(Data extracted from a collection)
----------

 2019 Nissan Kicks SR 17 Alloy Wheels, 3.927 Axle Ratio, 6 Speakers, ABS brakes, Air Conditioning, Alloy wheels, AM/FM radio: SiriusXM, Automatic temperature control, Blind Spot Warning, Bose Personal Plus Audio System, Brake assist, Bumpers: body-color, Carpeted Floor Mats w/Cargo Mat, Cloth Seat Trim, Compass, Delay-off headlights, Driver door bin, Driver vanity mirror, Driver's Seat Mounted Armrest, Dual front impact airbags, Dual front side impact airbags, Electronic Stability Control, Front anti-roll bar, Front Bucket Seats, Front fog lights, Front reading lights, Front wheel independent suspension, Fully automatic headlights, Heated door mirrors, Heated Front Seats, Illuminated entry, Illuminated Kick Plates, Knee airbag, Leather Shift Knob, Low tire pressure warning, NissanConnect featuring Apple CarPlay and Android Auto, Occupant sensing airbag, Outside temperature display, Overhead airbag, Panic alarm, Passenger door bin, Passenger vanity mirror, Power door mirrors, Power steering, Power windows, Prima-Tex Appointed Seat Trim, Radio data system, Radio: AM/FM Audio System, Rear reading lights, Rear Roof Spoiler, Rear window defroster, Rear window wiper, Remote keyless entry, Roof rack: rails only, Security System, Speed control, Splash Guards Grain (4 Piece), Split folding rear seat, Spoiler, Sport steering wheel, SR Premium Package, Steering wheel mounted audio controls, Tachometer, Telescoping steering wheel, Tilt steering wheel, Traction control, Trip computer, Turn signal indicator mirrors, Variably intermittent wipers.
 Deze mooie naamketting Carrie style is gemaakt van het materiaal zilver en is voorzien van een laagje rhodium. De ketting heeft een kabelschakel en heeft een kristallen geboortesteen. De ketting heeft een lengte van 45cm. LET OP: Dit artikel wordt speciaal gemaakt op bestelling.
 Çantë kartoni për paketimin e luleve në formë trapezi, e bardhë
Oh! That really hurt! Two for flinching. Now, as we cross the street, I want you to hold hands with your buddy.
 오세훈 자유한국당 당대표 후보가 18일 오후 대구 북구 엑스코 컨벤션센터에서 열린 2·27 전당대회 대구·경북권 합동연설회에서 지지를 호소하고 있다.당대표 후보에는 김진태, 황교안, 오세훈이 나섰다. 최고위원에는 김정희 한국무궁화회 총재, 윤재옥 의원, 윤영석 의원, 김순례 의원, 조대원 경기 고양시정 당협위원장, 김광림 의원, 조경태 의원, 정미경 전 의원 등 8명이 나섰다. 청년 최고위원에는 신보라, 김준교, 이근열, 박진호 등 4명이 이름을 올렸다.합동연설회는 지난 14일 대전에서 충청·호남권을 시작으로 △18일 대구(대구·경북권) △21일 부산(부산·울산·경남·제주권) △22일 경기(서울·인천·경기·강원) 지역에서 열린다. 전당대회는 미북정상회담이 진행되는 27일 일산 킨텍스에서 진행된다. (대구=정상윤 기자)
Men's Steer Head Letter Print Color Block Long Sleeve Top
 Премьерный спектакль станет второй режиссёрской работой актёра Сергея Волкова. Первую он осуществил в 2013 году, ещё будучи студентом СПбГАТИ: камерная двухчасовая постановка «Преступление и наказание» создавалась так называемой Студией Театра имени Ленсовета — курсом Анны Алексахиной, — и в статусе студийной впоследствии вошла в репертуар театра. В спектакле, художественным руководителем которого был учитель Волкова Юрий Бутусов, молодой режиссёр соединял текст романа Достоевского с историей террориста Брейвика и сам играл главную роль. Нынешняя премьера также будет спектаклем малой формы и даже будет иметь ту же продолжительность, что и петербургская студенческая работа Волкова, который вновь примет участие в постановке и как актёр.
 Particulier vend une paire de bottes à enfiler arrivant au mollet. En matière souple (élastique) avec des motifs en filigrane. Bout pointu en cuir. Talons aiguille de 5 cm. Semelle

----------

▶ YOUR GOAL
Above are the records; repeat exactly the lines from the one holding "Oh! That really" down to the one holding "Men's Steer Head", end lines included.

▶ RESULT FOR THIS TASK
Oh! That really hurt! Two for flinching. Now, as we cross the street, I want you to hold hands with your buddy.
 오세훈 자유한국당 당대표 후보가 18일 오후 대구 북구 엑스코 컨벤션센터에서 열린 2·27 전당대회 대구·경북권 합동연설회에서 지지를 호소하고 있다.당대표 후보에는 김진태, 황교안, 오세훈이 나섰다. 최고위원에는 김정희 한국무궁화회 총재, 윤재옥 의원, 윤영석 의원, 김순례 의원, 조대원 경기 고양시정 당협위원장, 김광림 의원, 조경태 의원, 정미경 전 의원 등 8명이 나섰다. 청년 최고위원에는 신보라, 김준교, 이근열, 박진호 등 4명이 이름을 올렸다.합동연설회는 지난 14일 대전에서 충청·호남권을 시작으로 △18일 대구(대구·경북권) △21일 부산(부산·울산·경남·제주권) △22일 경기(서울·인천·경기·강원) 지역에서 열린다. 전당대회는 미북정상회담이 진행되는 27일 일산 킨텍스에서 진행된다. (대구=정상윤 기자)
Men's Steer Head Letter Print Color Block Long Sleeve Top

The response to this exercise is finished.